The Trump Administration has further ensured that children can’t win by ending funding for free legal representation for the children at the time that it escalated “zero-tolerance” to divide parents from their children. That’s right, babies and toddlers are being forced into court apart from their parents with no legal representation to make their case. Thus, a lack of legal representation compounds the difficult constitutional arguments that must be made to redress the horrific actions of this federal government.

The Convention and the Children

Ratification of the Convention would give the separated children clearer rights to invoke. As detailed above, the Convention secures rights to have cases affecting children guided by what is in the “best interest” of the child, along with specific rights to be with their parents and not to be separated from them. Those are rights not yet addressed clearly by the Supreme Court.

Without it, the United Nations can do little more than engage in verbal attacks as it did when it rightly criticized the practice as a violation of children’s rights. It was correct it is a clear violation in every country in the world, except the United States. In what appears to be a bid to deflect attention from the label of “rights violator” with respect to these children, the administration then pulled the United States out of the UN’s Human Rights Council. That was an ironic move, to say the least.

If the Convention were approved by 2/3 of the Senate and signed by a president, it would then be officially ratified and become the “supreme law” of the land, co-equal with the Constitution according to the Supremacy Clause. It would govern federal, state, and local governments.
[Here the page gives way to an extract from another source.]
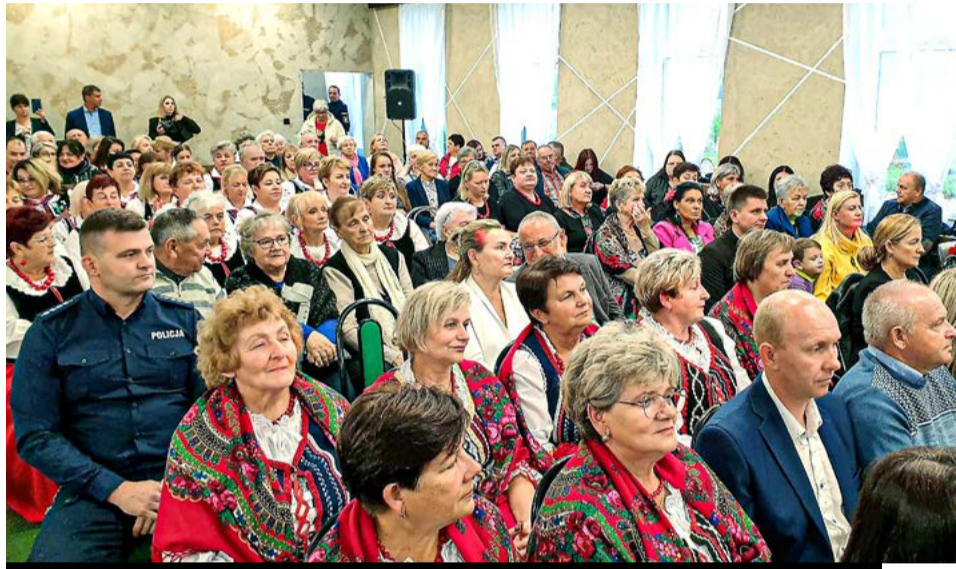
Publiczność dopisała. Na pierwszym planie członkinie zespołu KOWALANKI z partnerskiej gminy Nowiny

5 października br. To był wspaniały, wyjątkowy sobotni wieczór w Stefanowie! Redakcja Gazety Informacyjnej Gminy Brójce, Dnia Ziemniaka oraz uroczystości 40-lecia Amatorskiego Zespołu Śpiewaczego STEFA

The fate of children in the future would be secure against arbitrary and cruel government actions like Trump’s, because specific rights necessary to the protection of children would be delineated. Emergency injunctions would be more easily obtained when the government steps out of line as it did here, and children would not be at the mercy of vague and evolving interpretations of the Constitution, or the politics of whether the Supreme Court is leaning right or left.

Children deserve, nay require, the protections of the Convention for the Rights of the Child. The people have spoken but they must continue to be vigilant. Sign this petition to show the Senate what is right for children.

At one time there were only two holdouts: Somalia and the United States. Then Somalia signed. This country is better than its federal government’s recent actions at the border and as a people we need to demand the Convention’s ratification to deter all administrations, including this one, from the temptation to treat children as property, as I discussed here, and as pawns in an adult game of power brinksmanship. As American’s vehement rejections of the zero-tolerance policy became so deafening that even Trump had to back down, it became clear: we know better.